Mail Call November/December 2014: How to Build a Chicken Coop Out of a Playhouse and More

Readers share their input from how to build a chicken coop to crabapple stories, using stock tanks for raised beds, memories of making hay in the old days, and more.


| November/December 2014



A Playhouse Converted to Henhouse

The chickens adapted well to the playhouse turned henhouse.

Photo by the Kirby Family

Playhouse to Henhouse  

Our family loves your magazine. We’ve been faithful readers for years, and we enjoy the stories and wealth of information in each issue we receive. Our family has taken a turn to get back to the basics of life. Our GRIT magazines, along with Mother Earth News, have helped us in gaining the knowledge and confidence to do so.

In our journey to becoming more self-sufficient, we’ve discovered the importance of being frugal and using the resources that we have.

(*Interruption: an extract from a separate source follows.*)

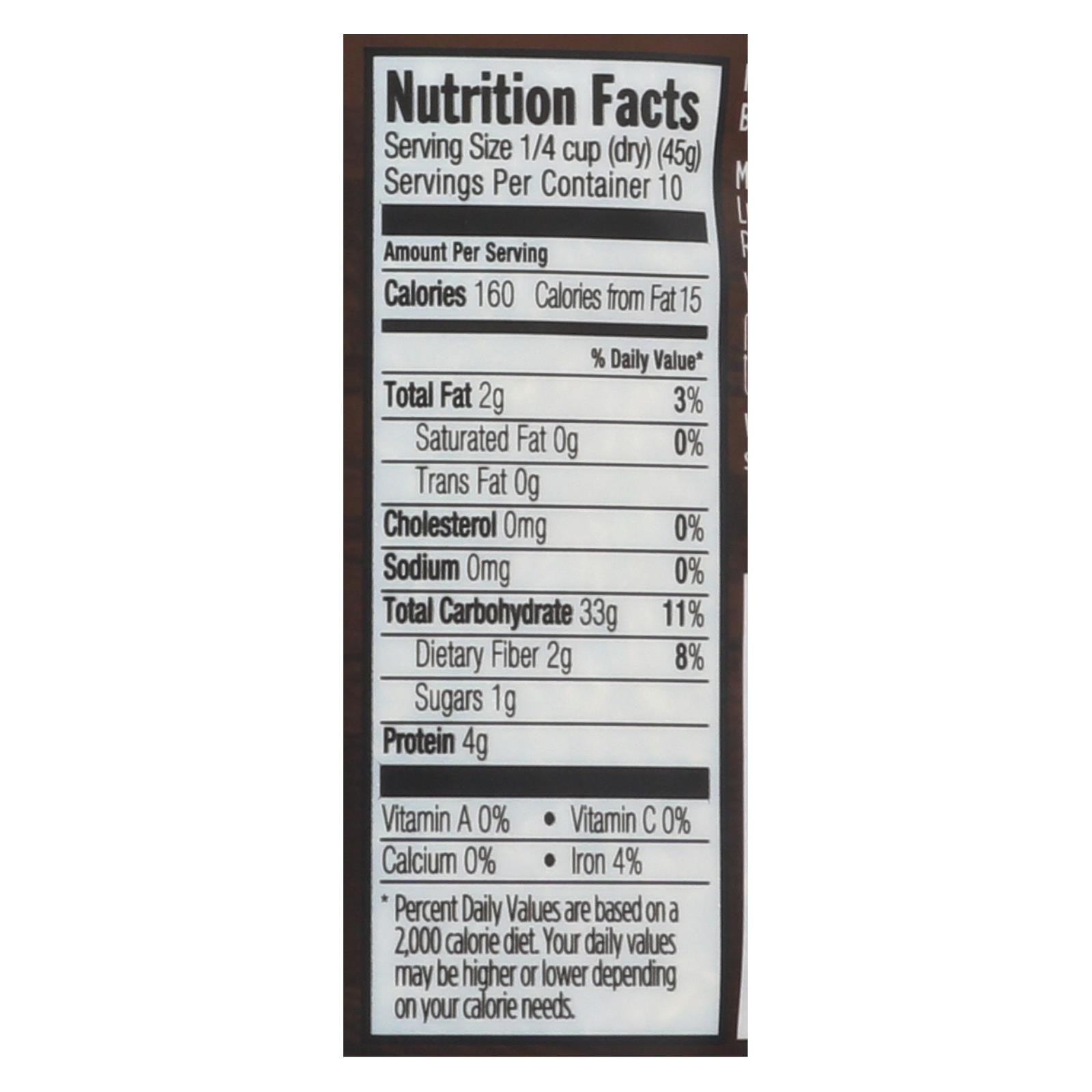 Lundberg organic sprouted brown basmati rice produces a rich, aromatic fragrance to enhance your mealtime creations. Use it as part of your main dishes and casseroles or as a hearty side served with vegetables. Grown with sustainable, organic farming practices, this germinated, whole grain basmati rice cooks in just 30 minutes, so you can quickly serve your family a dish that you feel good about feeding them. This stand-up bag contains 16 oz. Of rice, enough to make approximately 10 servings with 160 calories and 4 g of protein in each serving.
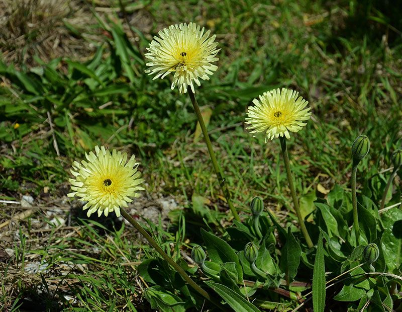 Der typische dunkle Bereich im Zentrum des Blütenstandes ist allerdings schon deutlich ausgebildet. Dieser dunkle Bereich wird auch noch etwas größer, wenn die dazugehörigen Blüten erst einmal alle aufgeblüht sind. Das Kleine Habichtskraut oder der in Deutschland heimische Bocksbart hingegen besitzen einen m.o.w. rein gelben Blütenstand.

Wanting to raise chickens but not wanting to raise a huge price tag on their housing took a bit of thought. We wanted a place for our chickens under our large oak trees since they provided shade in the summer and plenty of sun in the winter.

The solution? Our son’s playhouse! Yep, sadly, the day had come when he had outgrown the swings and the slide. So we dismantled most of the structure — saving every bolt and screw — and put our heads together trying to figure out how to revamp, well ... everything! But first things first.

We’ve been busy clearing a lot of cedar trees on our property to make more pasture land for our goats and Texas Longhorns. This gave us a surplus of cedar logs. So, to build the pen, we used the logs as supporting posts on the sides and roof, for attaching the chicken wire. Now it was time to build the coop. We shortened the whole playhouse, leaving a foot of head clearance for the chickens under the house itself — we refer to it as their basement. The wood from the climbing structure, once part of the playhouse, became their “porch” and walkway up into their house — and two separate nesting boxes.

Speaking of nesting boxes, we also salvaged the green bendable plastic originally used for the crawling tunnel. We cut it to size and screwed it up underneath the nesting box lids so no rain would drip or seep down onto the hens when they’re on the nests.